But he was also a veteran of such landmark films as Nicholas Ray’s “Rebel Without a Cause” (1955) and George Stevens’ “Giant” (1956), in which he shared the screen with Rock Hudson, Elizabeth Taylor and the aforementioned Dean. Hopper’s “Rebel” cast members Dean, Natalie Wood and Sal Mineo all died prematurely, while Hopper kept working.

The actor was among the cinema’s first juvenile delinquents, a social phenomenon that inspired such films as “Rebel” and “The Blackboard Jungle” (1955), films that uncovered an as-yet untapped American youth audience and a demand for films about it. Like “new sensations” Dean and Marlon Brando, Hopper was also an early devotee of Method Acting.
Born in Kansas on May 17, 1936, Hopper was a fixture in Westerns, co-starring with such icons of the genre as John Wayne in “The Sons of Katie Elder” (1965) and “True Grit” (1969), and Clint Eastwood in “Hang ’Em High” (1968).
According to Hollywood lore, shooting “From Hell to Texas” (1958) with the veteran director Henry Hathaway (“The Trail of the Lonesome Pine”), a twitchy Hopper required 85 takes for one scene, causing Hathaway, with whom Hopper would work again in “True Grit,” to state: “You’ll never work in this town again!”
In 1969, Hopper made screen history with “Easy Rider,” a low-budget effort co-written by Hopper, Peter Fonda and Terry Southern, directed by Hopper and featuring a pair of bikers (Hopper and Fonda) riding across America on choppers in search of “something.” It was a youth-culture boxoffice sensation and earned co-star Jack Nicholson his first Academy Award nomination. “The Last Movie” (1971), Hopper’s writing-directing follow-up to “Easy Rider” (1969), was a movie more notorious for the drugs taken on set than for anything seen onscreen.

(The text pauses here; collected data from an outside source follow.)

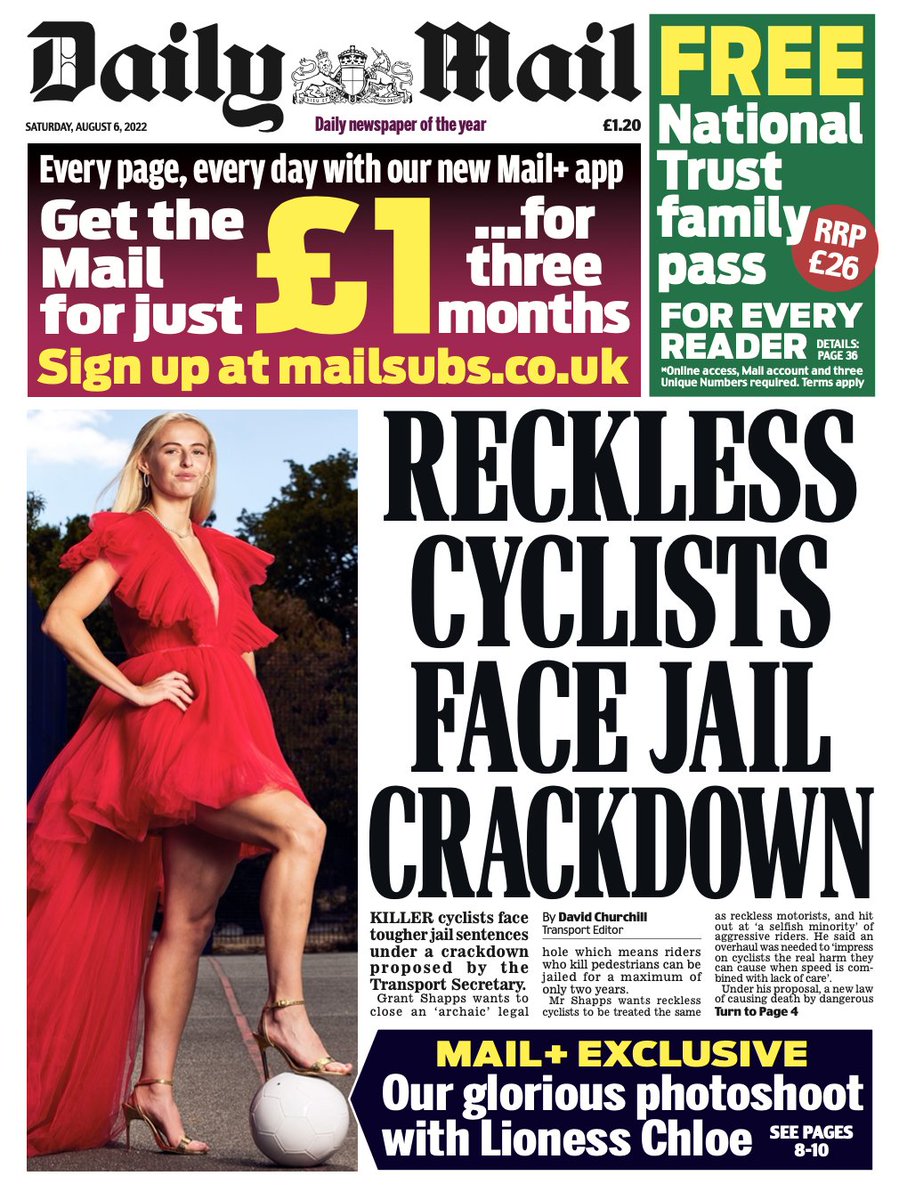 The Daily Mail reports that the transport secretary has proposed tougher sentences for cyclists who kill pedestrians.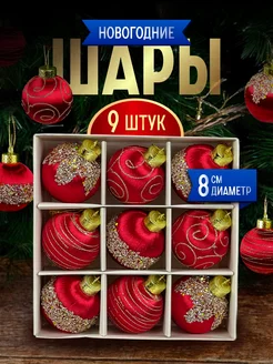 Игрушки елочные набор красных шаров с пайетками 10 см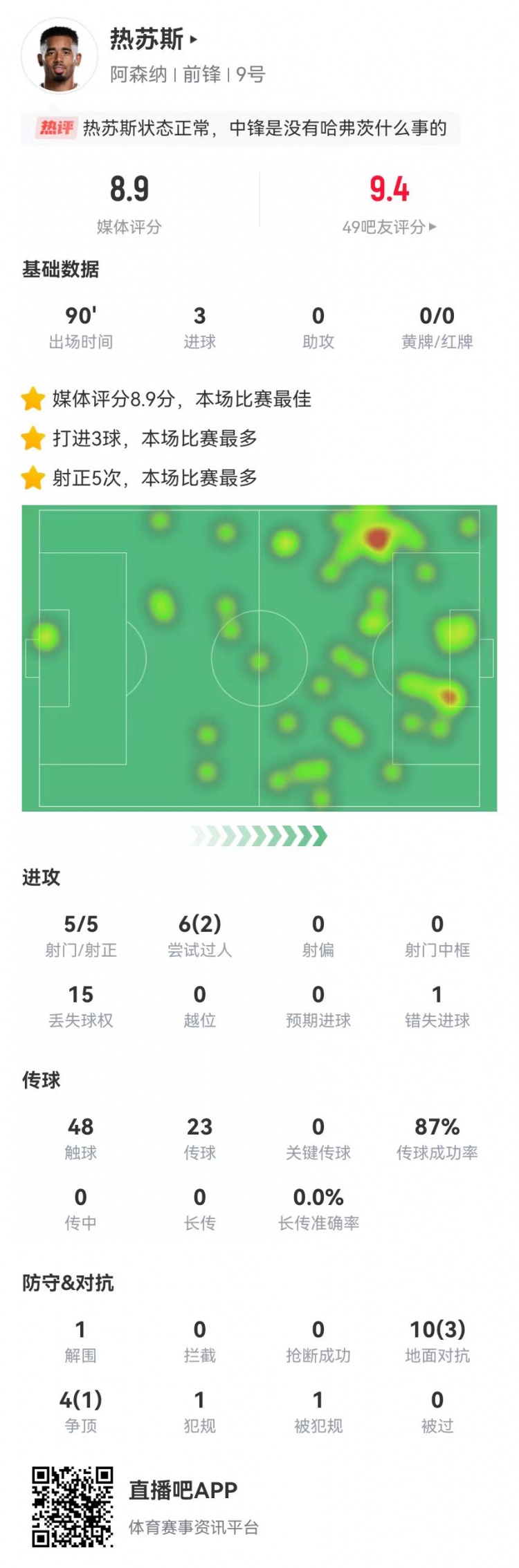12月19日訊 阿森納在本輪聯(lián)賽杯3-2力克水晶宮,熱蘇斯本場數(shù)據(jù)如下: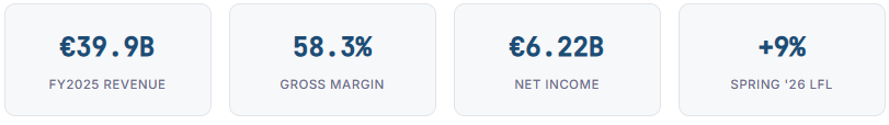 Cash generation remained exceptional: operating cash flow topped €8.2 billion, comfortably funding a €2.7 billion capital expenditure programme and a proposed dividend of €1.75 per share. The balance sheet closed the year with approximately €11.0 billion in net cash. Most strikingly, the spring 2026 trading update revealed a +9% constant-currency acceleration in store and online sales for the February 1 – March 8 window, suggesting the growth engine is gaining, not losing, momentum heading into FY2026.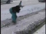 Car Ice Skating UK Lucky Accident People Jump Out Very Funny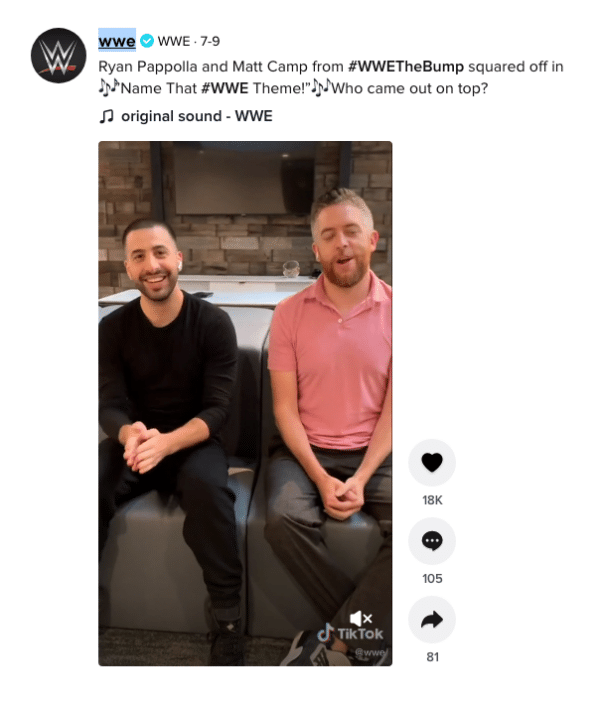 Salah satu taktik yang digunakan WWE di TikTok adalah sesekali bersenang-senang dengan permainan interaktif yang menampilkan beberapa stafnya. Ini tidak selalu tentang superstar, karena staf dapat menempatkan diri mereka pada posisi seorang penggemar. Misalnya, permainan head-to-head sederhana antara dua staf WWE di mana mereka menebak musik tema untuk superstar menghasilkan banyak keterlibatan: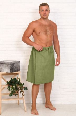 Полотенце для бани и сауны вафельное мужское (63х145), 242 гр., оливковый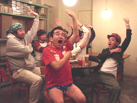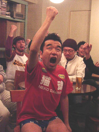 続いて、猫さんが音頭を取ってRISINGTONESメンバーと<ギャグ100連発>シーンの撮影。RISINGTONESの面々も笑ってしまいながらも「ラッセラーッ!ラッセラーッ!」「ポーツマス!ポーツマス!」「オホーツク!」「ワキ毛を抜いて・・・」「昇竜拳!」。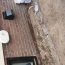 第二张照片中的沟槽表明该地区没有排水沟。我怀疑水滴落屋顶,溅在砖上。在我的地区,我最早的金属屋顶上有很多凝结,因为金属温暖,滴到地面。
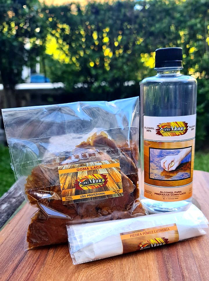 100 grs. de Goma Laca en Escamas: Resina natural de la más alta calidad, la base del barniz tradicional. Proporciona una capa de protección fina, duradera y que permite la máxima resonancia a la madera.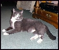 a note to it. The person who the cat "sort of" lived with called me. I finally learned the name of this poor neglected cat. At least, I felt he was neglected. He was always trying to get into our house. He drank from mud puddles. He almost swallowed the food whole when I fed him. Then I noticed he was not even neutered! No one cared enough to have this done.

In an earlier career resurrection, Hopper played a soulful sailor who falls in love with a sideshow mermaid in Curtis Harrington’s cult film “Night Tide” (1961). Later, he earned arthouse acclaim opposite Bruno Ganz in Wim Wenders’ Patricia Highsmith-based thriller “The American Friend” (1977).
On TV, Hopper acted in “The Twilight Zone,” “Wagon Train,” “Gunsmoke” and “Bonanza.”
Hopper returned to directing in 1980 with “Out of the Blue,” a powerful, imploding-family drama that has influenced such actor-directors as Sean Penn. In addition to “Blue Velvet,” Hopper appeared in the 1986 sports film “Hoosiers,” earning an Oscar nomination.
Hopper, who lived in Venice, Calif., married his fifth wife, Victoria Duffy of Weston, Mass., on April 12, 1996, at Old South Church in Boston’s Copley Square. She was 32 years Hopper’s junior; they had a daughter together, Galen Grier.
I interviewed Hopper in 1979 at the start of my career as a film critic, when he was in New York to promote “Apocalypse Now,” a film in which he plays a photojournalist who falls under the spell of the insane Col. Kurtz (Brando).
This was a deeply troubled time in Hopper’s life, and I honestly thought I was sitting in front of a guy about to self-destruct. Yet he pulled himself together and worked for another 30-plus years. A comeback kid to the end.